I'm creating a JSP/Servlet web application and I'd like to upload a file to a servlet via Ajax. How would I go about doing this? I'm using jQuery.
I've done so far:
<form class="upload-box">
<input type="file" id="file" name="file1" />
<span id="upload-error" class="error" />
<input type="submit" id="upload-button" value="upload" />
</form>
With this jQuery:
$(document).on("#upload-button", "click", function() {
$.ajax({
type: "POST",
url: "/Upload",
async: true,
data: $(".upload-box").serialize(),
contentType: "multipart/form-data",
processData: false,
success: function(msg) {
alert("File has been uploaded successfully");
},
error:function(msg) {
$("#upload-error").html("Couldn't upload file");
}
});
});
However, it doesn't appear to send the file contents.
To the point, as of the current XMLHttpRequest version 1 as used by jQuery, it is not possible to upload files using JavaScript through XMLHttpRequest.
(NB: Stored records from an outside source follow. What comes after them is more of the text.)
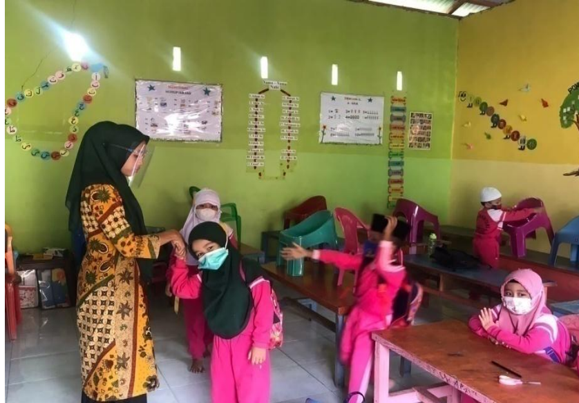
Anak bersalaman saat pulang sekolah
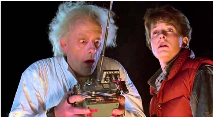
Filmstill aus BACK TO THE FUTURE (Regie: Robert Zemeckis, USA 1985)
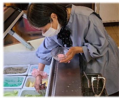
大好きなアイスを！
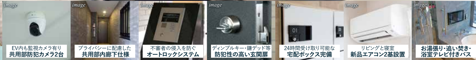
EV内も監視カメラ有り 共用部防犯カメラ2台
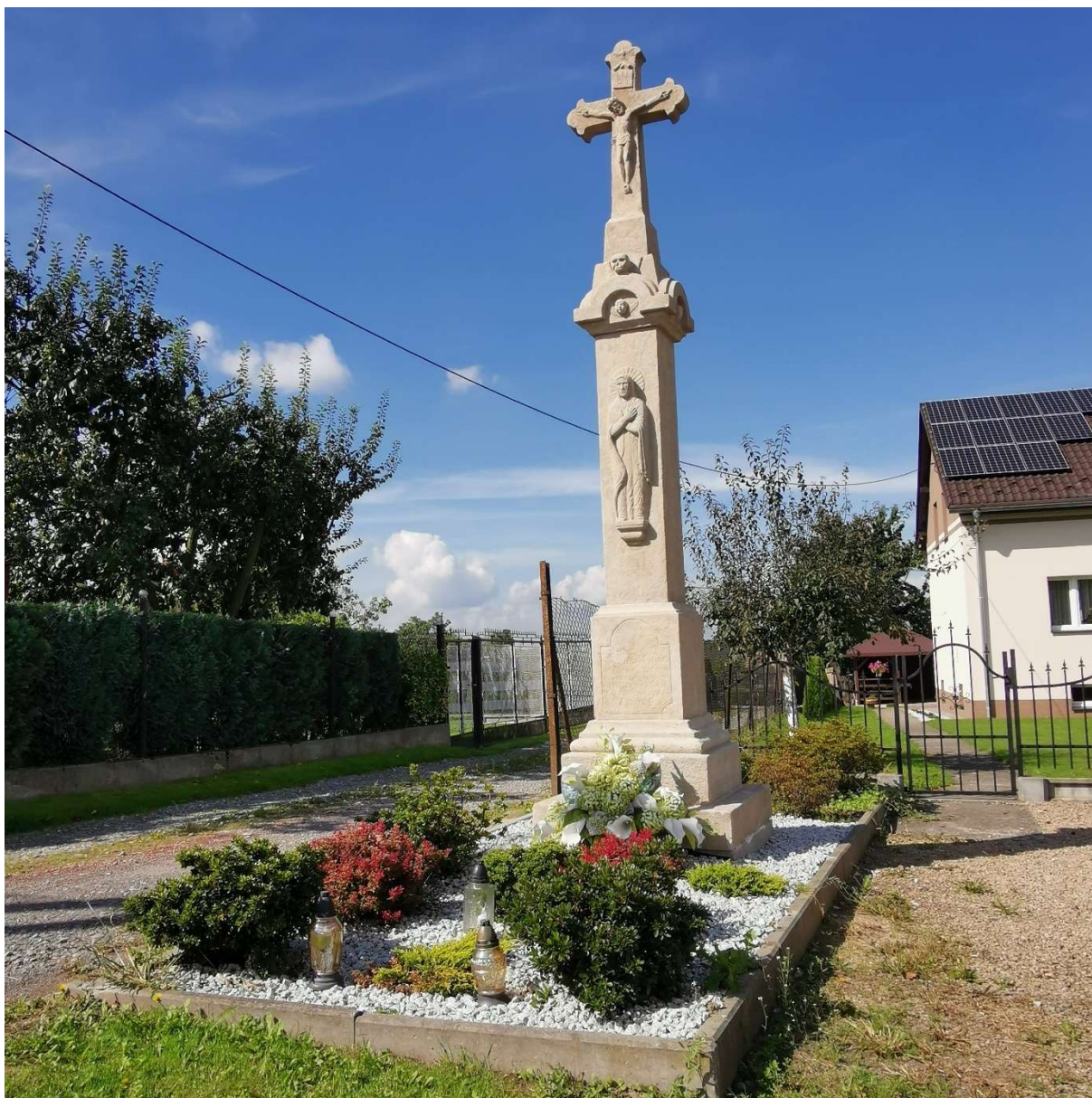
Krzyż kamienny połowa XIX w. przy ul. Witosza 173 w Bestwinie

The common workaround is to let JavaScript create a hidden <iframe> and submit the form to it instead so that the impression is created that it happens asynchronously. That's also exactly what the majority of the jQuery file upload plugins are doing, such as the jQuery Form plugin (an example).
Assuming that your JSP with the HTML form is rewritten in such way so that it's not broken when the client has JavaScript disabled (as you have now...), like below:
<form id="upload-form" class="upload-box" action="/Upload" method="post" enctype="multipart/form-data">
<input type="file" id="file" name="file1" />
<span id="upload-error" class="error">${uploadError}</span>
<input type="submit" id="upload-button" value="upload" />
</form>
Then it's, with the help of the jQuery Form plugin, just a matter of
<script src="jquery.js"></script>
<script src="jquery.form.js"></script>
<script>
$(function() {
$('#upload-form').ajaxForm({
success: function(msg) {
alert("File has been uploaded successfully");
},
error: function(msg) {
$("#upload-error").text("Couldn't upload file");
}
});
});
</script>
As to the servlet side, no special stuff needs to be done here. Just implement it exactly the same way as you would do when not using Ajax: How can I upload files to a server using JSP/Servlet?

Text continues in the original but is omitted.